そもそも両者はずっと立場の異なる世界で暮らしていた。しかし或る時、山崎朋子の文章が赤松啓介の眼に止まった。だが両者の文章はいずれも<断片>に留まる。だからといって無理に繋ぎ合わせる必要性はまるでない。逆に慌てて無理矢理引き離す必要性も全然ない。或る<断片>ともう一方の<断片>との間に直接的繋がりは一つもない。ところがしかし両者による二つの<断片>を目にした読者の頭の中では瞬間的に何かが繋がる。おそらく山崎も赤松も同じ思いがしただろう。というより思いも寄らなかった連続性がまたたく間に出現したことに最も驚いたのは二人の執筆者自身だったかもしれない。そしてそれは余りにも突然のようにカフカの小説に似るのである。かけ離れた場所がいきなり隣接した場所へと接続される。

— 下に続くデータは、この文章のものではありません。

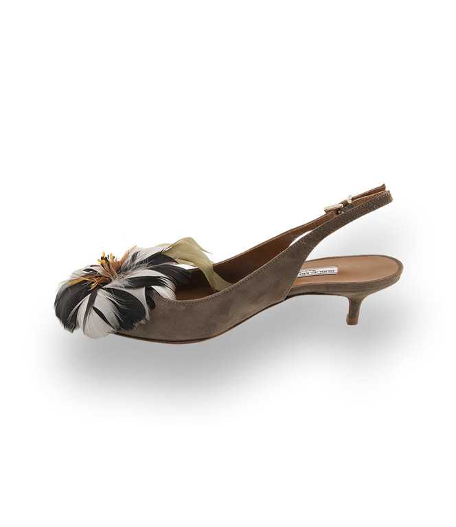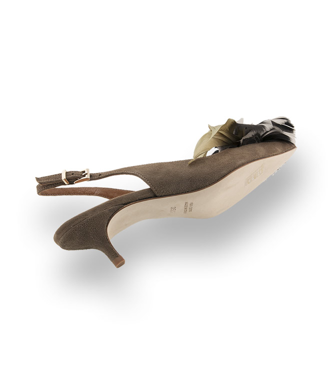 Die aufwendige Blüte, aus bunten Federn, sorgt für Aufsehen. Das Modell in khakifarbenem Nubuk besticht durch seine spitze Form und den trendigen Absatz. Kitten Heels sind elegant und sorgen für Raffinesse. Der traumhafte Sling lässt sich wunderbar kombinieren und veredelt ihre Garderobe im Nu.

『全部つつんでください!』、と彼は叫んで画家のおしゃべりを遮(さえぎ)った、『あした小使にとりに来させます』。『その必要はありません』、と画家は言った、『いますぐあなたと行ける運び手を見つけられるでしょう』。そしてようやく彼はベッドの上にかがみこみ、ドアの鍵を開けた。『遠慮なくベッドに上ってください』と画家は言った、『ここに来る人はみんなそうするんですから』。そうすすめてくれなくてもKは遠慮なぞしなかっただろう。それどころか彼はすでに片足を羽根ぶとんにのせてさえいたのだが、開いたドアから外を見て、またその足をひっこめてしまった。『あれはなんです?』、と彼は画家にきいた。『何を驚いてるんです?』、と画家のほうでも驚いてきき返した、『裁判所事務局ですよ。裁判所事務局がここにあるのをご存じなかったんですか?ほとんどこの屋根裏にだって裁判所事務局があるのに、ここにあっていけないわけがないでしょう?わたしのアトリエも本来裁判所事務局の一部なんですが、裁判所がわたしに使わしてくれてるんですよ』。Kはこんなところにまで裁判所事務局を見出(みいだ)したことにそれほど驚いたのではなかった。それより彼は自分にたいし、自分の裁判所に関する無知にぞっとしたのだった」(カフカ「審判・P.220~229」新潮文庫 一九九二年)

カフカ作品の世界では「審判」に限らずこのような事態が何度も繰り返し起こる。そこで気づくのはカフカはただ単にほのめかすに過ぎないエキセントリックな寓話を描いたわけではいささかもないという極めてリアルでなおかつ非常に今日的な事態である。画家のアトリエに隣り合って裁判所事務局がある。<断片>は<断片>のまま立ちどころにリアルである。カフカ作品の世界は今や現実世界と化して世界中あちこちで訴訟の暴風雨を巻き起こして止む気配一つない。さて事態がこうなってくるともはや逃走線はなくなってしまったかのように見える。けれどもそういうわけでもない。荘子はいう。

「罔兩問景曰、曩子行、今子止、曩子坐、今子起、何其無特操與、景曰、吾有侍而然者邪、吾所侍又有侍而然者邪、吾侍蛇虫付蜩翼邪、悪識所以然、悪識所以不然

(書き下し)罔兩(もうりょう)、景(かげ)に問いて曰わく、曩(さき)には子(し)行き、今は子止(とど)まる。曩には子坐し、今は子起(た)つ。何ぞ其れ特操(とくそう)なきやと。景曰わく、吾れは待つ有りて然(しか)る者か。吾が待つ所は又た待つ有りて然る者か。吾れは蛇虫付(だふ)・蜩翼(ちょうよく)を待つか。悪(いず)くんぞ然る所以(ゆえん)を識(し)らん、悪くんぞ然らざる所以を識らんと。

(現代語訳)罔両(うすかげ)が影(かげ)にむかって問いかけた、『君はさきほどは歩いていたのに今はたち止まり、さきほどは坐っていたのに今は立っている。何とまあ定まった節操のないことだね』。影は答えた、『僕は〔自分の意思でそうしているのではなくて〕頼るところ(人間の肉体)に従ってそうしているらしいね。〔ところが〕僕の頼るところはまた別に頼るところに従ってそうしているらしいね。僕は蛇の皮や蟬(せみ)のぬけがら〔のようなはかないもの〕を頼りにしていることになるのだろうか。さて、なぜそうなのか分からないし、なぜそうでないのかも分からないね』」(「荘子(第一冊)・内篇・斉物論篇・第二・十三・P.87~88」岩波文庫 一九七一年)

或る瞬間にはAでありすぐ次の瞬間にはすでにBである。そしてBはAへと回帰することなくさらにその次の瞬間にもうCへと変態していく。だから要するにこの種の連続性と非連続性とについて可視化されねばならないという緊急事態が生じている。もし司法制度が<掟>として存在するとすれば、そして少なくとも日本では存在している以上、とりわけ公的機関が率先してすぐさま取りかからなくては誰しも腑に落ちないという問いがあかるみに出てきた。